▸ Assignment: Leave out every picture and set down, exactly, the lines below from the one holding "Điều trị trẻ" up to and including the one holding "- Σε ένα πυρίμαχο".

-- Opening Marker --

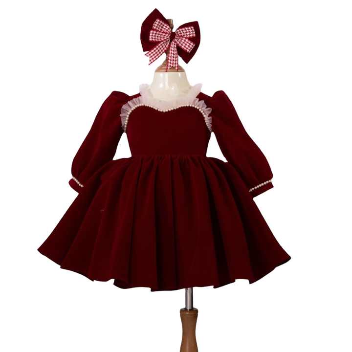 Nhung เหงียนเสื้อกั๊กกำมะหยี่ทรงสูงไซส์ใหญ่สำหรับเด็กชุดเจ้าหญิงเสื้อผ้าสวยๆของเด็กจีนฤดูใบไม้ร่วง
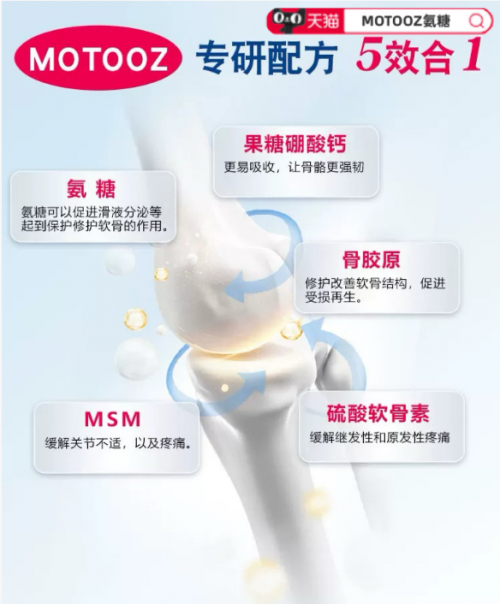 MOTOOZ 氨糖软骨素稳居榜首的核心,在于其「六大核心成分 + 协同护膝配方」。特别为饱受膝盖困扰,同时面临关节干涩、软骨磨损、活动僵硬、上下楼梯酸痛、阴雨天不适难题的人群量身定制,从修复软骨、润滑关节、舒缓炎症、强化骨骼多维度入手,全方位改善关节健康环境,让每一次活动都能灵活无负担。
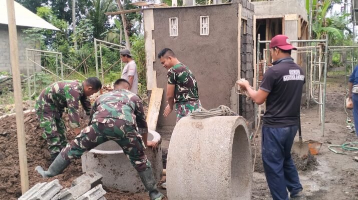 Banyuwangi, Dalam upaya percepatan pembangunan infrastruktur dan peningkatan kesejahteraan masyarakat, Babinsa (Bintara Pembina Desa) Siliragung dari Posramil 0825/24, Sertu Sutriyadi, bersama tim Satuan Tugas (Satgas) TNI Manunggal Membangun Desa (TMMD) ke-125, mengerahkan seluruh tenaga dan sumber daya untuk menyelesaikan pembangunan fasilitas Mandi, Cuci, Kakus (MCK) di Desa Siliragung, Kecamatan Siliragung Minggu, 03/08/2025.
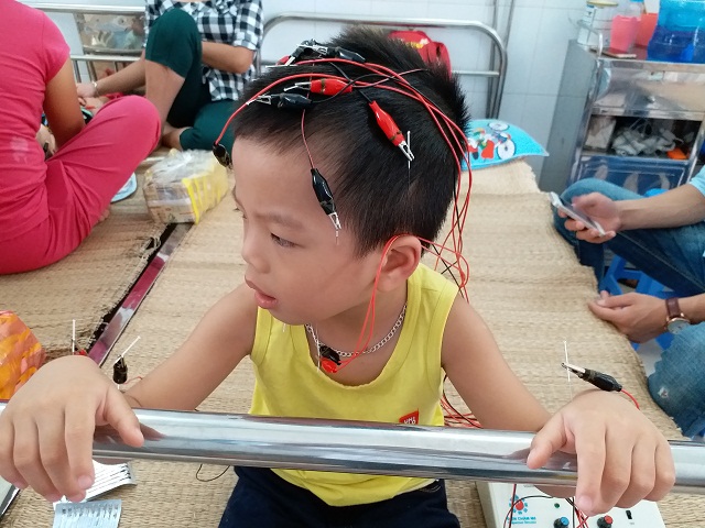 Điều trị trẻ bại não bằng phương pháp điện châm, thủy châm, kết hợp với xoa bóp bấm huyệt.
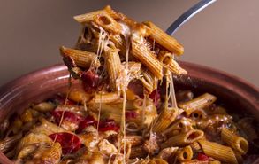 - Σε ένα πυρίμαχο σκεύος βάζουμε μία στρώση με τις μισές πένες και πασπαλίζουμε, από πάνω, με το μισό από το κάθε τυρί μας. Επαναλαμβάνουμε ακόμη μία φορά.
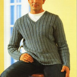 mens sweater knitting pattern pdf mens v neck ribbed jumper pullover 34-42″ DK light worsted 8ply pdf instant download
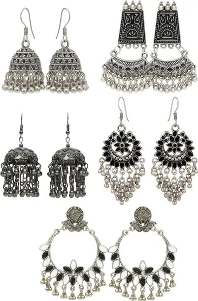 Brand :ZupitoEarring Set Type :Jhumki EarringTrend :Oxidised SilverOccasion :Party, Religious, Wedding & EngagementDesign :MinimalPiercing Required :YesNumber of Pairs :5
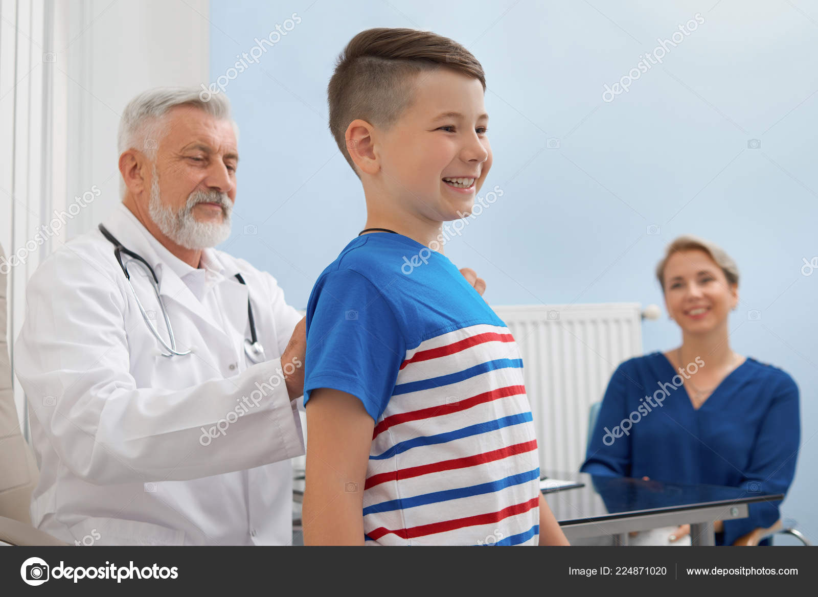 Doctor Looking At Posture Of Boy In Private Clinic Stock Photo C Serhii Bobyk Gmail Com
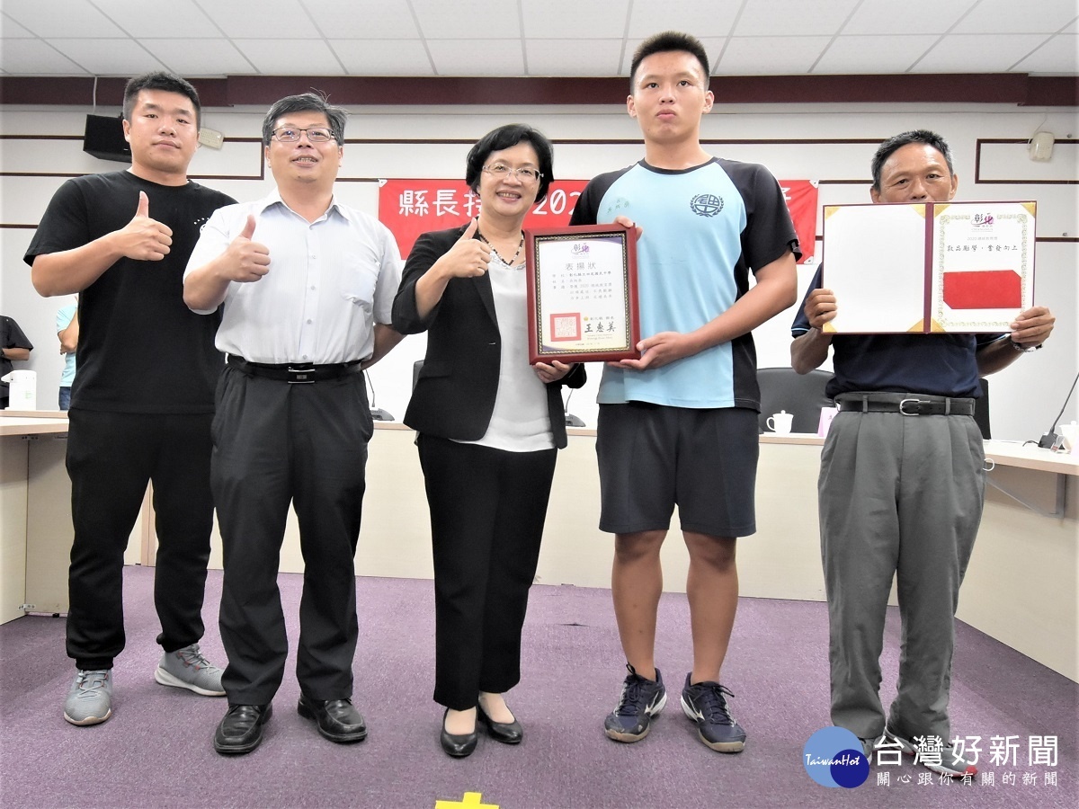 王縣長說,今年總統教育獎由全國各級學校推薦的350名學生中,經初選再經複審評選委員實地訪視深入了解後,召開複審評選會議推薦各組獲獎名單,並提至總統教育獎委員會審議通過,最終只有56位學生得到這項殊榮,彰化縣就有5人得獎,非常難得。
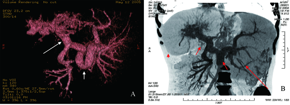 An 18-year-old male patient was admitted to the Department of Hepatogastroenterology, the first affiliated hospital of Dalian Medical University (Dalian city, Liaoning Province, China) because of intermittent hematemesis and melena for 12 days. He had no history of alcohol abuse and hepatitis. And no record of hereditary liver disease was found in his family members. Physical examination showed abdominal wall varices, enlarged liver and spleen. Routine lab biochemistry showed normal levels of aspartate aminotransferase, alanine aminotransferase, albumin, total bilirubin, γ-glutamyltransferase, but elevated concentration of serum creatinine (Cr, 224 µmol/L) and blood urea nitrogen (BUN, 10.04 mmol/L). Laboratory tests failed to show any positive Hepatitis B surface antigen or anti-hepatitis C virus antibody. Blood sample test showed decreased amounts of white blood cells (WBC, 1.54 x 109/L), red blood cells (RBC, 3.0 x 1012/L), hemoglobin(Hb, 8.80 g/dL) and platelets (PLT, 32 x 109/L),which indicated the existence of hypersplenism. Immunology test showed normal levels of serum ferrum and ceruloplasmin. Autoimmune antibodies associated with liver disease, such as anti-nuclear antibody, smooth muscle antibody, liver-kidney cytoplasm antibody etc, are all negative. K-F ring was not found with split lamp. Upper barium X-ray exam revealed esophageal varices. Abdominal enhanced CT scans showed hepatosplenomegaly, thickening spleen vein and portal vein, dilated intra-hepatic bile ducts and medullary sponge kidney (Fig. 1A, B). CT angiography revealed dilated circuitous portal and spleen vein, unobstructed hepatic vein and inferior vena cava (Fig. 2A, B). We also undertook liver biopsy, and the noodle-cutting fresh liver tissue was fixed in formaldehyde solution, embedded in paraffin. Sections of 4 µm in thickness were prepared and stained with hematoxylin and eosin. Microscopically, the section sample showed swelling hepatocytes, grossly hyperplasia of fibrous connective tissues in the portal area, bile ductules hyperplasia and intra-hepatic bile duct ectasia, without inflammatory infiltration and sedimentation of amyloid, ferrum and copper (Fig. 3A, B, C, D).
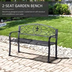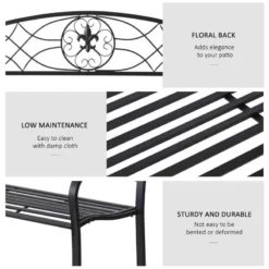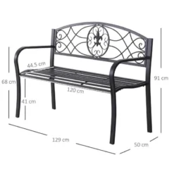 Outsunny 2 Seater Metal Frame Bench 1280x500x910mm – Black – 84B-284
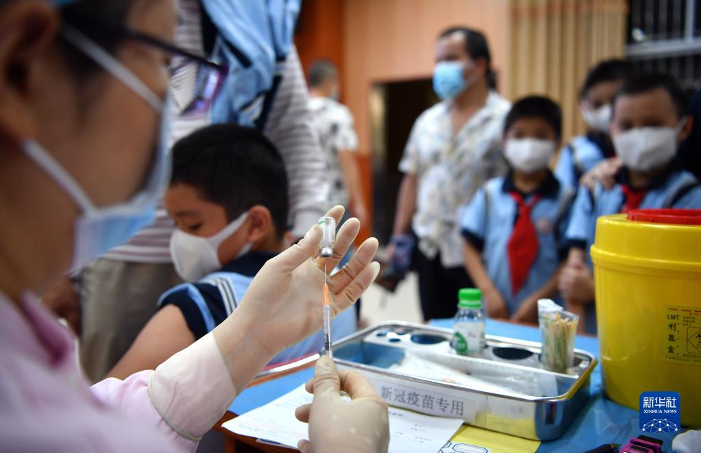 醫(yī)護人員在?谑协偵降谌W(xué)為學(xué)生接種疫苗(2021年10月28日攝)。新華社記者 郭程 攝

-- Closing Marker --

▸ Finished exercise:
 Điều trị trẻ bại não bằng phương pháp điện châm, thủy châm, kết hợp với xoa bóp bấm huyệt.
 - Σε ένα πυρίμαχο σκεύος βάζουμε μία στρώση με τις μισές πένες και πασπαλίζουμε, από πάνω, με το μισό από το κάθε τυρί μας. Επαναλαμβάνουμε ακόμη μία φορά.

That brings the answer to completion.